I think it’s important for people to see our everyday experiences and struggles because not everyone knows we still exist, or they think we’re all drunks and can’t support ourselves. But I’m here to tell you it’s not true. Many people don’t go out of their way to see how others live, so we’ll do what we do best and tell stories about our way of life and hope we can catch a listening ear along the way.
This song is a beautiful homage to a special city and Samantha’s vocals are entrancing. You’ll hear this once and want to listen to it again and again. I’ve been her fan since 2008 and only afterwards did I find out she’s Choctaw!
This film is special to me because I believe it brings awareness and pays respect to the historical importance of my tribe’s chief, Sitting Bull. I like that it is a vivid and visual depiction of an important historical event that complements the traditional Lakota oral story representation.
The film is told from different perspectives. Even though it varies from my understanding of Sitting Bull’s death, I still enjoyed it because it accurately showcases the struggles and hardships many Native Americans were experiencing at that time.
Come and Get Your Love reminds me of being a little girl, cruising around town with my grandmother, with Redbone on the radio, in a borrowed one-seater old Chevy pick-up truck. Not a lot of people know Redbone is a Native band. In the 1970s Native rock bands were unheard of. Because this song was such a hit and the band was Native, it really made an impression on me.
My mother listened to “Anthem of the American Indian” so often, it felt more like a statement to me. I heard it so many times during my childhood I can still remember it very vividly. This song was made famous during the American Indian Movement (AIM), which was seen worldwide in highly publicized protests particularly within Native reservations and communities, shocking people around the U.S.
“Anthem of the American Indian” is almost five minutes long and was sung by the 1970s Native American group XIT. I remember the great harmony of Native American drums and the way my mother sang—it was extraordinary.
One verse has stood out to me until today, “I am who I am/ And who I said I was/ I am the image of myself/ I am Indian.” This verse speaks to me because it allows me to imagine what and who we are as Native Americans. I can still remember my mother singing this song and telling us stories about her days as an AIM activist.

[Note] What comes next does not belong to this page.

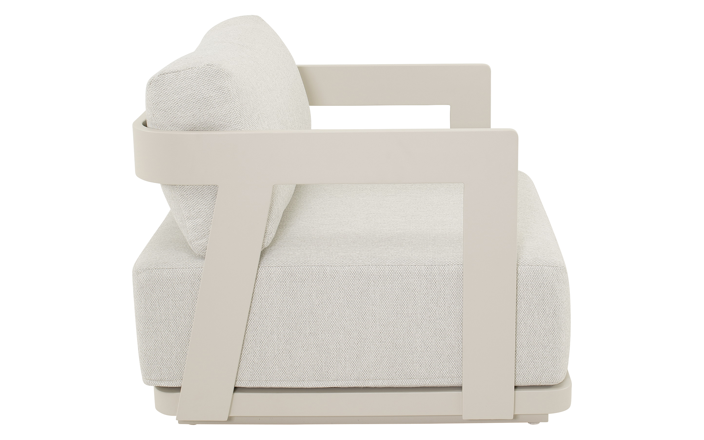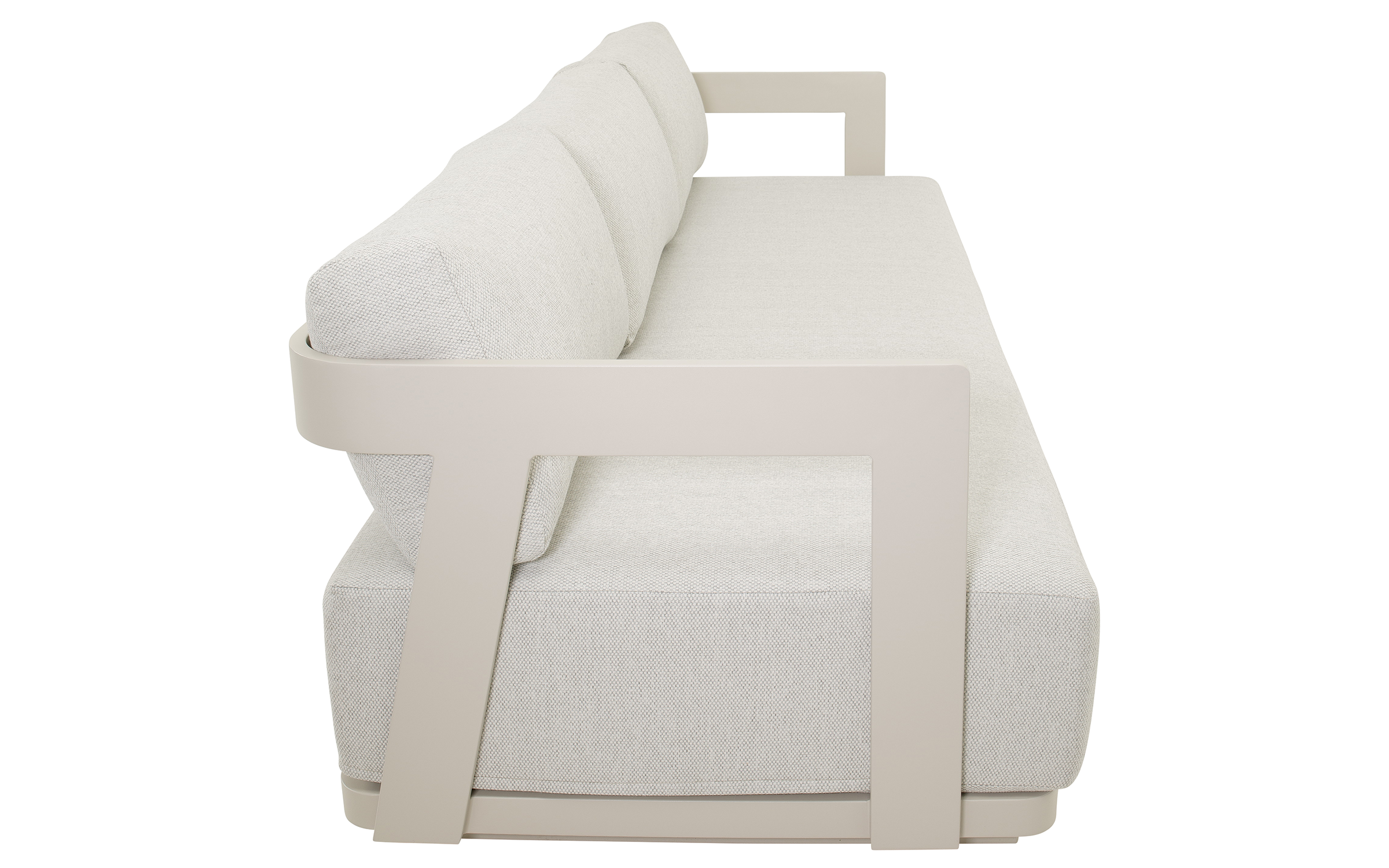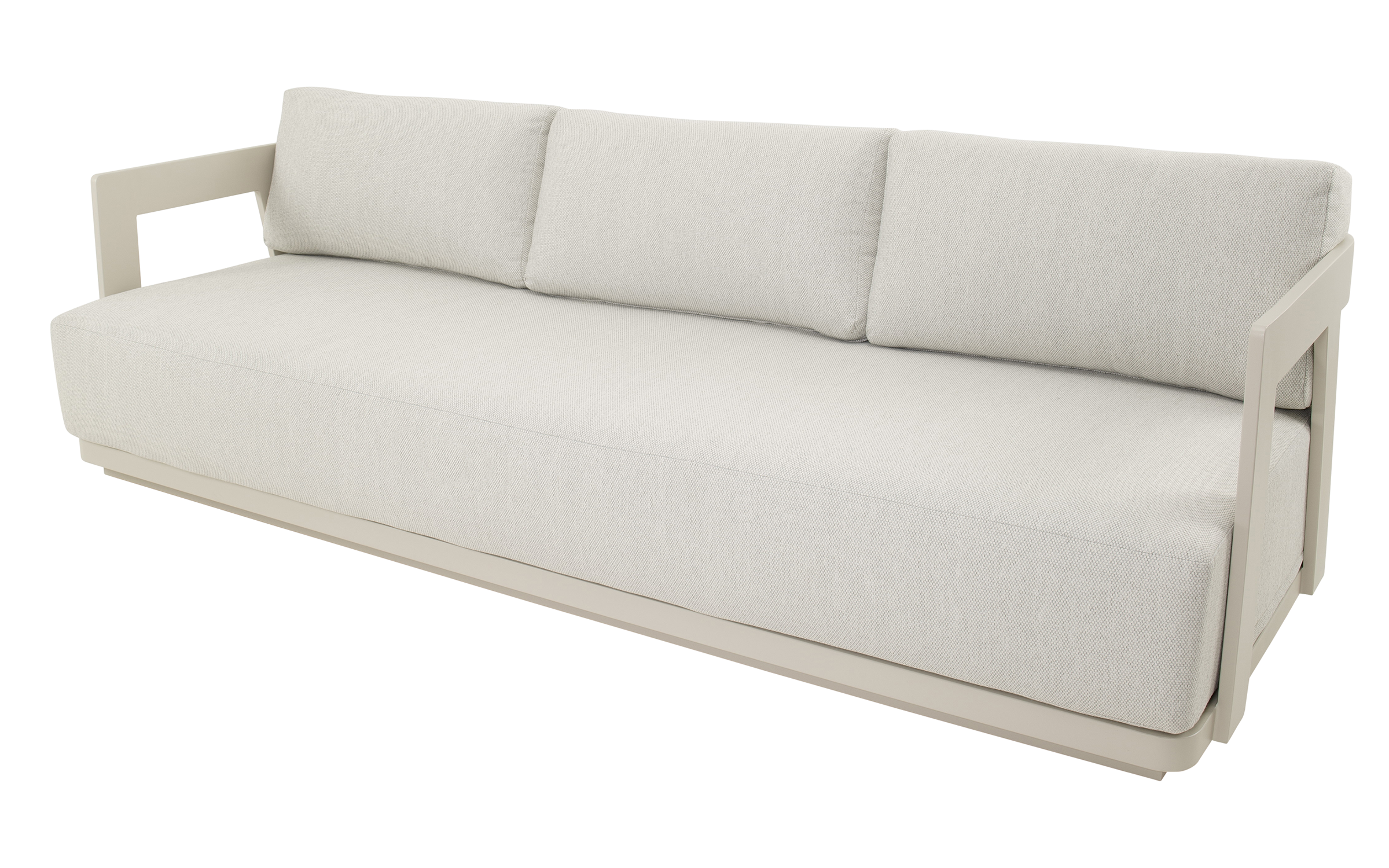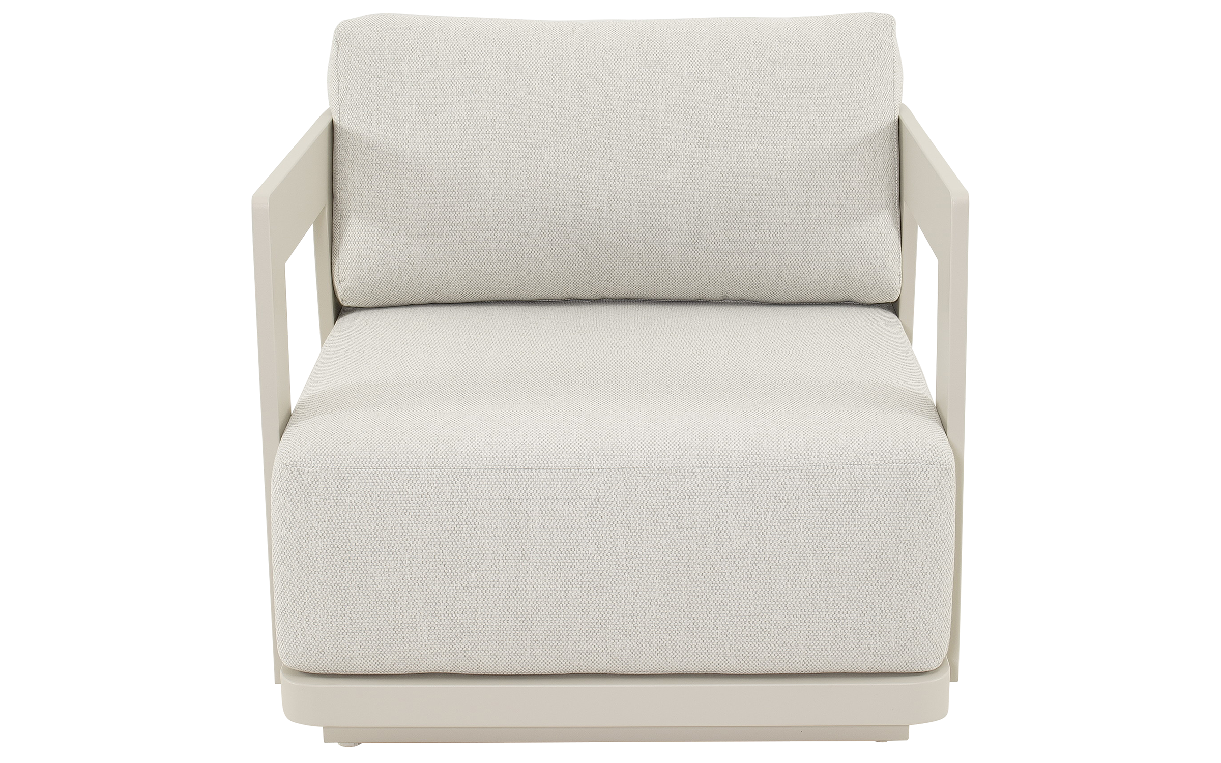 Jasnobeżowy nowoczesny zestaw na taras z szeroką sofą, wygodnymi fotelami i bardzo grubymi, wygodnymi poduszkami. Trwałe materiały i łatwe w czyszczeniu poduszki oraz nowoczesny design stworzą na tarasie niepowtarzalny zakątek wypoczynkowy.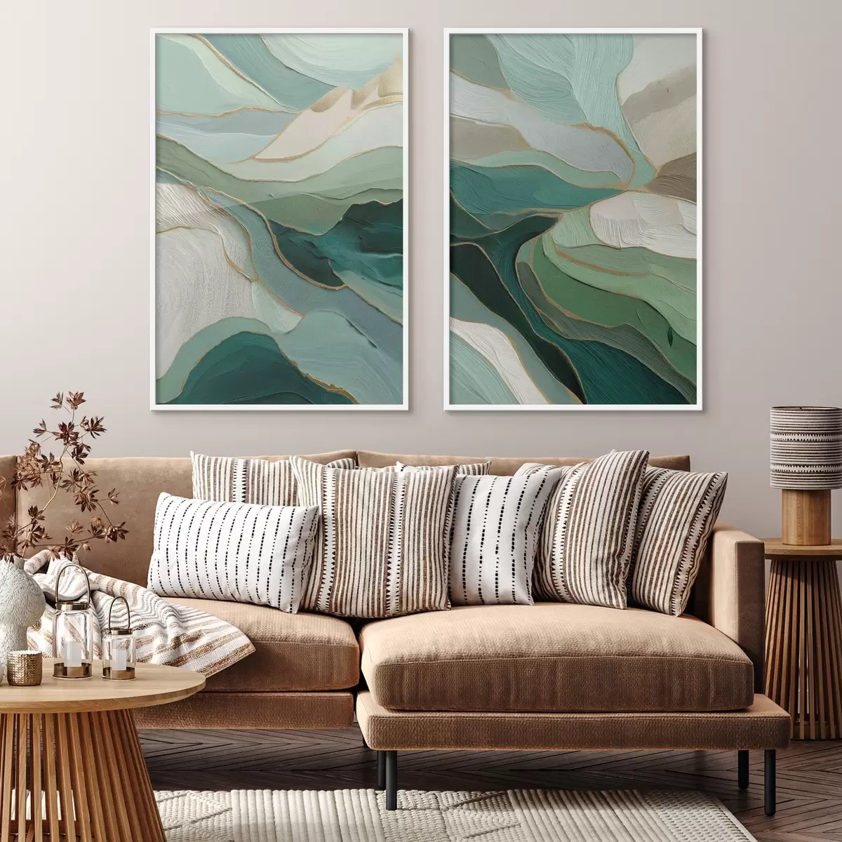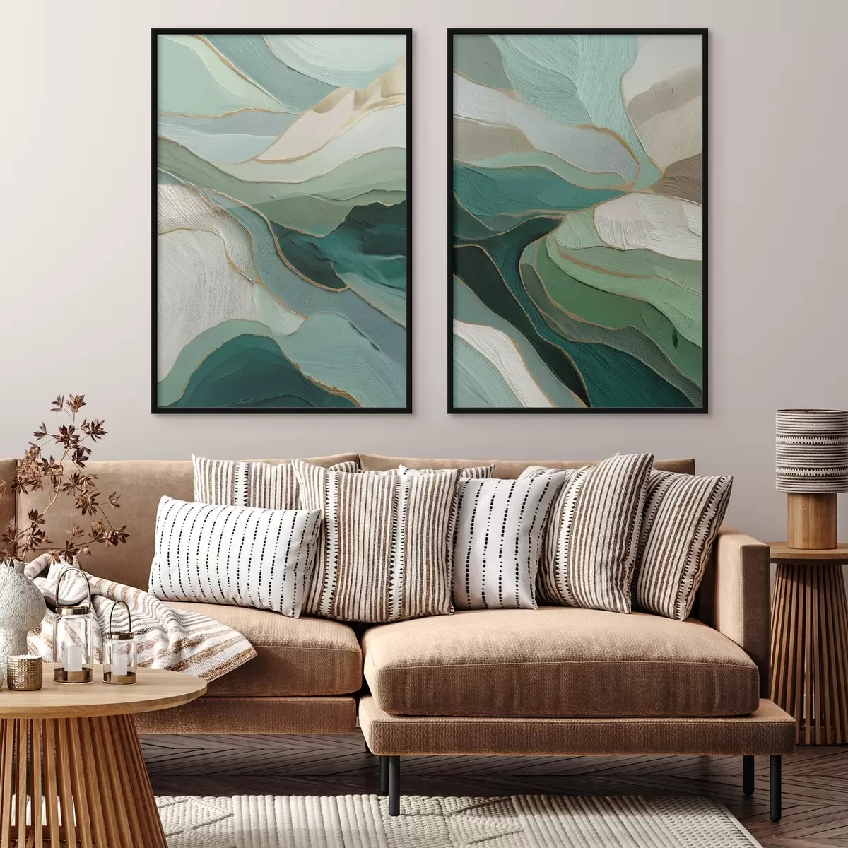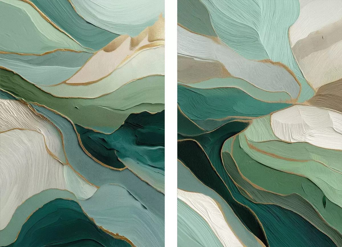 Постер на стіну Смарагдова багатошарова абстракція з жовтим контуром Nr d00766

We, as indigenous people, go through hardships and situations, but they aren’t permanent. The verse “Oh, great eagle king of the sky/ Lift our spirit up and carry us high/ Wings of strength that float along/ Take away the weak and make us strong” shows that we are strong through our beliefs. I am touched by the lyrics and this verse, when heard in the context of the song, shows we are as strong as the prayers that made us.